Category-Prompt Refined Feature Learning
After passingVSI
The output obtained after the network realizes the interaction of the visual features with the initial cues\(\mathcal{P}'\) as category-specific features for categorization. In the case of traditional classifications based onTransformer
in the method from theTransformer
The specific output features obtained are usually projected to the label space through a linear layer for final categorization. In contrast to these methods, the category cueing\(\mathcal{P}\) as classifiers and calculate the similarity between category-specific features and category cues to classify within the feature space. Category\(i\) classification probability\(s_i\) This can be calculated as follows:
In a multi-label setting, due to the uniqueness of the data characteristics, it is necessary to calculate the dot product similarity between the category-specific feature vectors and the corresponding cue vectors for each category to determine the probability (softmax
one), this calculation reflects absolute similarity. Instead, the paper deviates from the traditional similarity model and instead uses relative measures between category-specific feature vectors and all cue vectors. The reason for this approach is to reduce computational redundancy, as it is unnecessary to compute the similarity between each category's feature vectors and unrelated category cues.

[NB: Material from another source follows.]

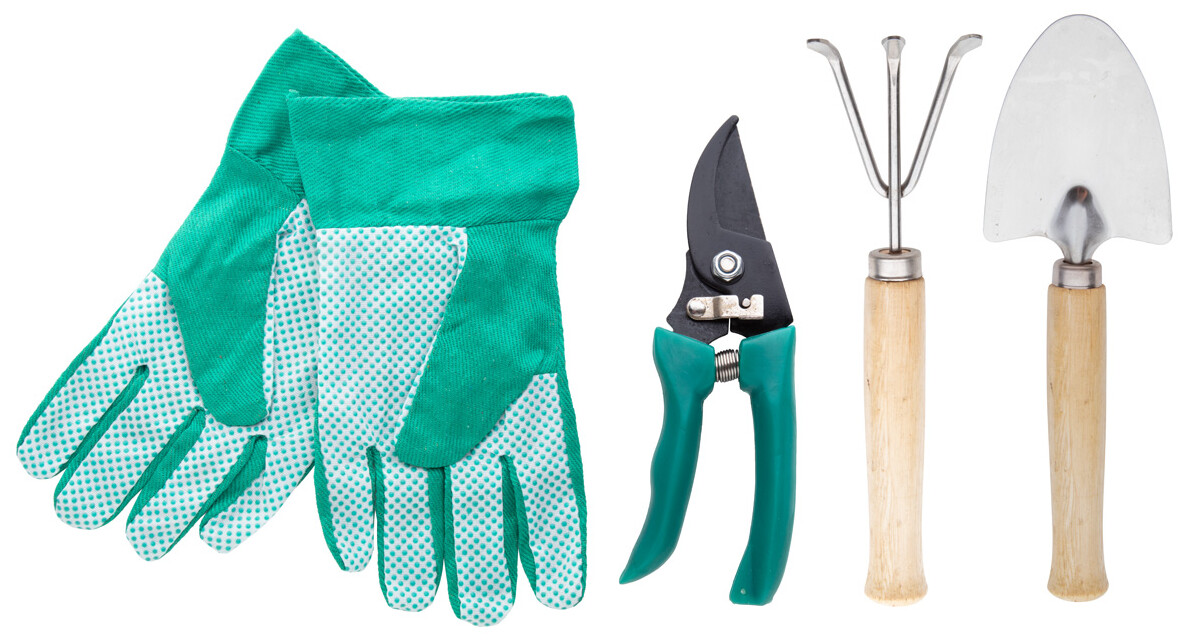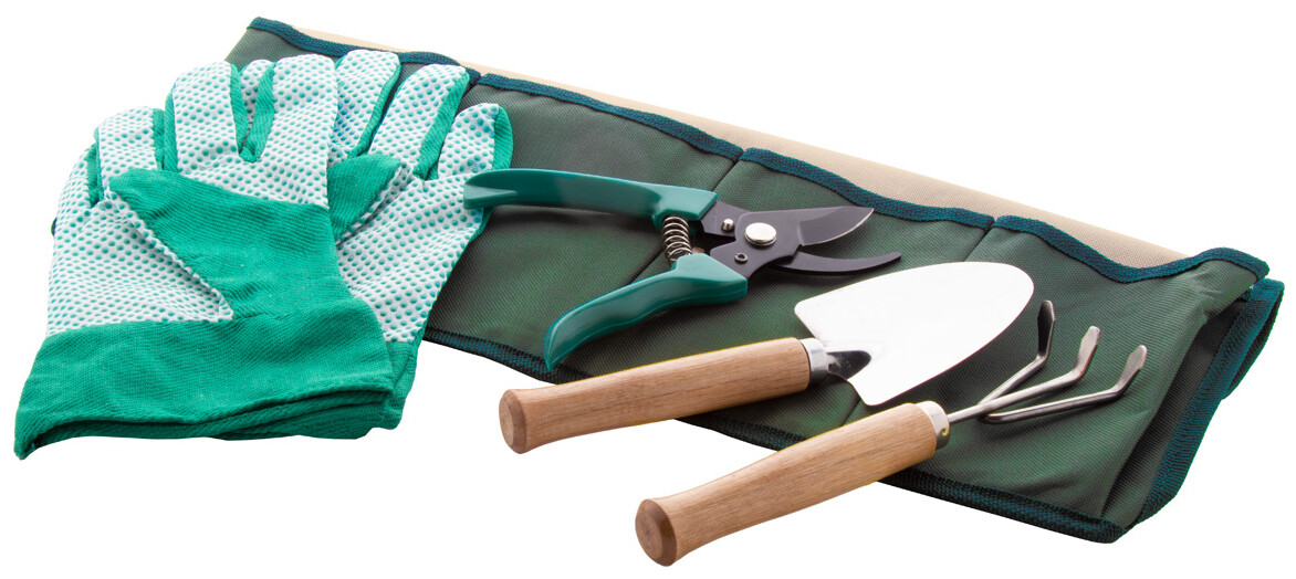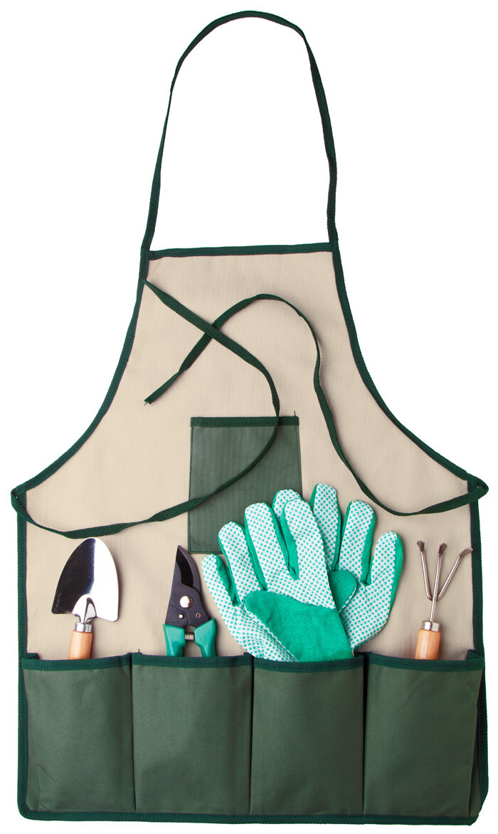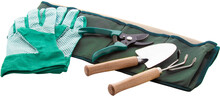 Zahradní nářadí v nylonové zástěře. Obsahuje nůžky na stříhání, ruční vidlici, lopatku a pár rukavic.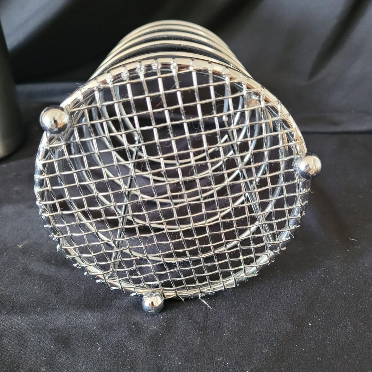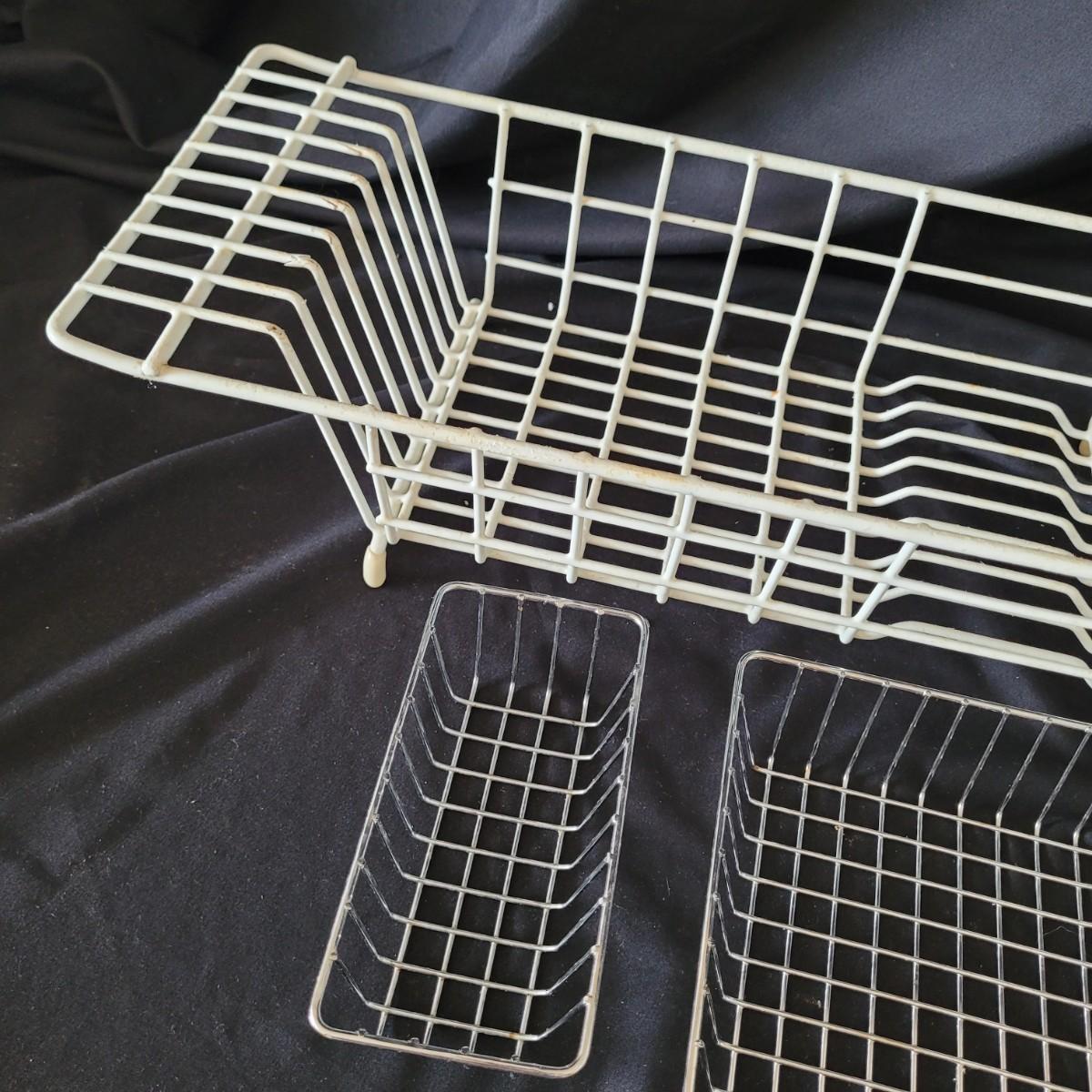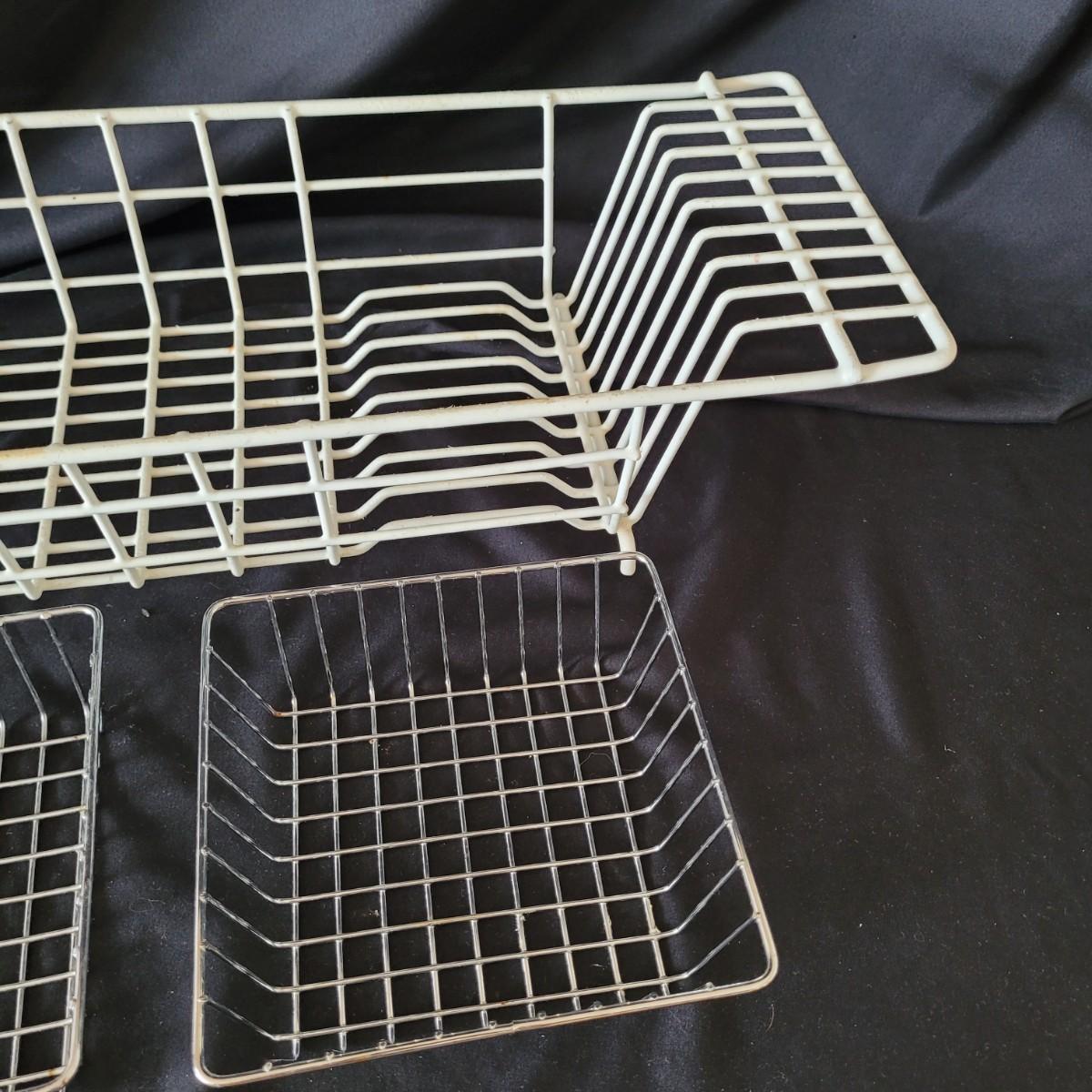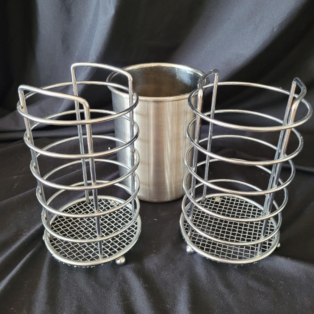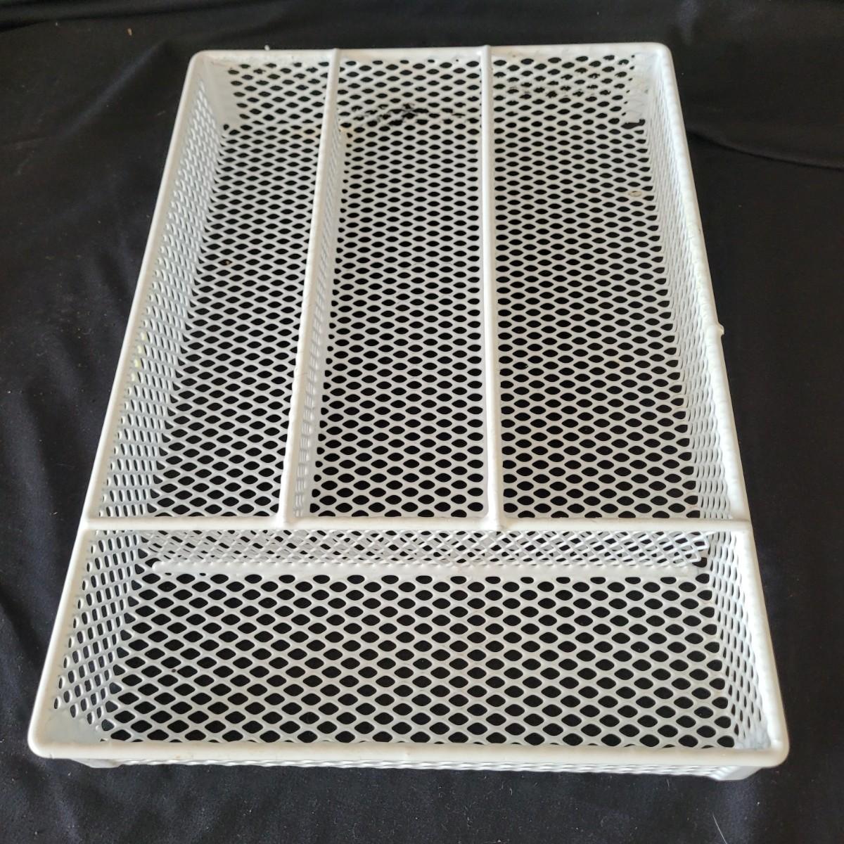 This lot includes 11 pieces of kitchen organization essentials. There are four drawer organizers, three standing utensil organizers, three mesh baskets, and a paper towel holder. All items are made from metal. For reference, the drawer organizers measure 10" x 14.5" x 2.5"H.

The initial cue lacks critical visual contextual information, leading to significant data bias between the semantic and visual domains during information interaction. This discrepancy leads to inaccurate initial cues, which in turn affects the quality of category-specific visual representations. To address this problem, the paper introduces a progressive two-path backpropagation mechanism guided by category cue learning. This mechanism involves two gradient optimization paths during model training (see Figure2a
(Shown): a line that passes throughVSI
network and another directly to thePI
Networks. The former path also optimizesVSI
network to enhance its ability to interact with visual semantic information. By employing a series of two-path gradient backpropagation, the cues are gradually optimized during the training iterations, thus gradually accumulating contextually relevant visual information. Meanwhile, the optimized cues guide the generation of more accurate category-specific visual representations, thus achieving progressive purification of category-specific features. The paper refers to this process as "cue-refined feature learning", which is repeated until convergence, as shown in Figure 12b
Shown.
Optimization
To further address the imbalance between negative and positive samples inherent in multiple categories, the paper integrates the commonly used reweighting in this context (Re-Weighting
, RW
) strategy. Specifically, the use of asymmetric loss (Asymmetric Loss
, ASL
) as an optimization objective.ASL
is a loss of focus (focal loss
) variants, using different for positive and negative samples\(\gamma\) Value. Given an input image\(x_i\) , the model predicts its final category probability\(S_i = \{s_1^i,s_2^i,...,s_c^i\}\) , whose real label is\(Y_i = \{y_1^i,y_2^i,...,y_c^i\}\) 。
utilizationASL
Train the entire framework as follows:
Among them.\(c\) is the number of categories.\(\tilde{s}_j^i\) beASL
The hard threshold in, denoted as\(\tilde{s}_j^i = \max(s_j^i - \mu, 0)\) 。 \(\mu\) is a threshold for filtering low confidence negative samples. By default, setting\(\gamma^{+} = 0\) cap (a poem)\(\gamma^{-} = 4\) . In the framework of the thesis, theASL
effectively suppresses negative samples in all categories, potentially improving theLTMLC
Head and tail category performance in tasks.
Experiments
If this article is helpful to you, please click a like or in the look at it ~~
For more content, please pay attention to WeChat public number [Xiaofei's Algorithm Engineering Notes].